The genus Partamona includes 33 species of stingless bees, of which 11 were studied cytogenetically. The main goal of this study was to propose a hypothesis about chromosomal evolution in Partamona by combining molecular and cytogenetic data. Cytogenetic analyses were performed on 3 Partamona species. In addition, the molecular phylogeny included mitochondrial sequences of 11 species. Although the diploid number was constant within the genus, 2n = 34, B chromosomes were reported in 7 species. Cytogenetic data showed karyotypic variations related to chromosome morphology and the amount and distribution of heterochromatin and repetitive DNA. The molecular phylogenetic reconstruction corroborated the monophyly of the genus and separated the 2 clades (A and B). This separation was also observed in the cytogenetic data, in which species within each clade shared most of the cytogenetic characteristics. Furthermore, our data suggested that the B chromosome in the genus Partamona likely originated from a common ancestor of the species that have it in clade B and, through interspecific hybridization, it appeared only in Partamona rustica from clade A. Based on the above, Partamona is an interesting genus for further investigations using molecular mapping of B chromosomes as well as for broadening phylogenetic data.
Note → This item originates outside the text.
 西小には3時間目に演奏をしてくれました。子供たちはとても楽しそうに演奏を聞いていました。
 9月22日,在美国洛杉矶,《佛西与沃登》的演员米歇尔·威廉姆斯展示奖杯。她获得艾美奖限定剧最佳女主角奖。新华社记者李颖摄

Partamona Schwarz, 1939 is a stingless bee genus that is found from southern Mexico to southern Brazil, in both forest and urban environments [Pedro and Camargo, 2003]. These bees show great uniformity in their morphological features; therefore, the species have been identified by a combination of characteristics, such as the shape of teeth in the mandible, integument coloring, and the color of hair and wings [Pedro and Camargo, 2003]. The attributes of the nest entrance and nesting substrate have also been used to identify species in this genus [Camargo and Pedro, 2003].
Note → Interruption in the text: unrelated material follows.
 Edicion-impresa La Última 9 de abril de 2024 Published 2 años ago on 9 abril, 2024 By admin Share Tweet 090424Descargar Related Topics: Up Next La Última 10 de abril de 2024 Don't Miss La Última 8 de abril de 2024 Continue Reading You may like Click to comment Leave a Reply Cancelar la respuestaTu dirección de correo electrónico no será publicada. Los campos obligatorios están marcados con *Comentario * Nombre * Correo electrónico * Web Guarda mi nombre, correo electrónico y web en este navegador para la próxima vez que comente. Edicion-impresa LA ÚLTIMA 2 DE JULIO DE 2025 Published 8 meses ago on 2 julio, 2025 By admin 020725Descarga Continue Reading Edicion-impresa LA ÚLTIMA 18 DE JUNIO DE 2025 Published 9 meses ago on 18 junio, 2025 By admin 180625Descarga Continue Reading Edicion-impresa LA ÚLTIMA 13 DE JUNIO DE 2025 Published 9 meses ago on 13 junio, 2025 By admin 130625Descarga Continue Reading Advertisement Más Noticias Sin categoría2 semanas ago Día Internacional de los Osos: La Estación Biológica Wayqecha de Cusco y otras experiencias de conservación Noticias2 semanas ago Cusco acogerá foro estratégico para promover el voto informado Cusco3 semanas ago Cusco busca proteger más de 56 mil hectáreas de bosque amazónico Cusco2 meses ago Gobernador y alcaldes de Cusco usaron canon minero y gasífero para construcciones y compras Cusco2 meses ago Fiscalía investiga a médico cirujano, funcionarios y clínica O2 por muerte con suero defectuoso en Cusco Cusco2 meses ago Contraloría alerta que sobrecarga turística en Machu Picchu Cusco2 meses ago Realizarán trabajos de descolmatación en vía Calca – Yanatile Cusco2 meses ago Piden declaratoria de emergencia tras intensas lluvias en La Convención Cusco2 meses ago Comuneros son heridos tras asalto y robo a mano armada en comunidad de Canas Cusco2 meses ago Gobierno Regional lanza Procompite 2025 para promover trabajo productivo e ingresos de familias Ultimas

The homogeneity reported for Partamona species is not restricted to morphological and behavioral traits, and the genus has frequently been described as a group of bees with a stable karyotype. The same diploid number (2n = 34) was found in all studied Partamona species, P. ailyae, P. chapadicola, P. cupira, P. helleri, P. mulata, P. nhambiquara, P. peckolti, P. rustica, P. seridoensis, P. sooretamae, and P. vicina [Brito et al., 1997, 2003, 2005; Brito-Ribon et al., 1999; Marthe et al., 2010; Tosta et al., 2014; Gonçalves et al., 2020; Lopes et al., 2020]. Numerical changes in the karyotype have been reported regarding the presence of supernumerary chromosomes in P. cupira, P. helleri, and P. rustica, based on conventional cytogenetic analyses [Brito et al., 1997; Marthe et al., 2010; Martins et al., 2013, 2014; Tosta et al., 2014] as well as in P. gregaria, P. criptica, P. seridoensis, and P. chapadicola, using a molecular RAPD-SCAR marker [Correia et al., 2014; Tosta et al., 2014; Machado et al., 2016].

Despite the karyotype constancy, differences in the heterochromatin distribution, DAPI/CMA3, and 18S rDNA patterns were observed among Partamona species [Brito et al., 2003, 2005; Marthe et al., 2010; Martins et al., 2014; Gonçalves et al., 2020; Lopes et al., 2020]. Differences in cytogenetic banding patterns have also been detected in other insect groups with the same diploid number [Gokhman and Kuznetsova, 2006], as well as in amphibians [Kasahara et al., 2003], fish [Vicari et al., 2008], plants [Hasterok et al., 2006], and mammals [Labaroni et al., 2014], contributing to taxonomic and systematic classification.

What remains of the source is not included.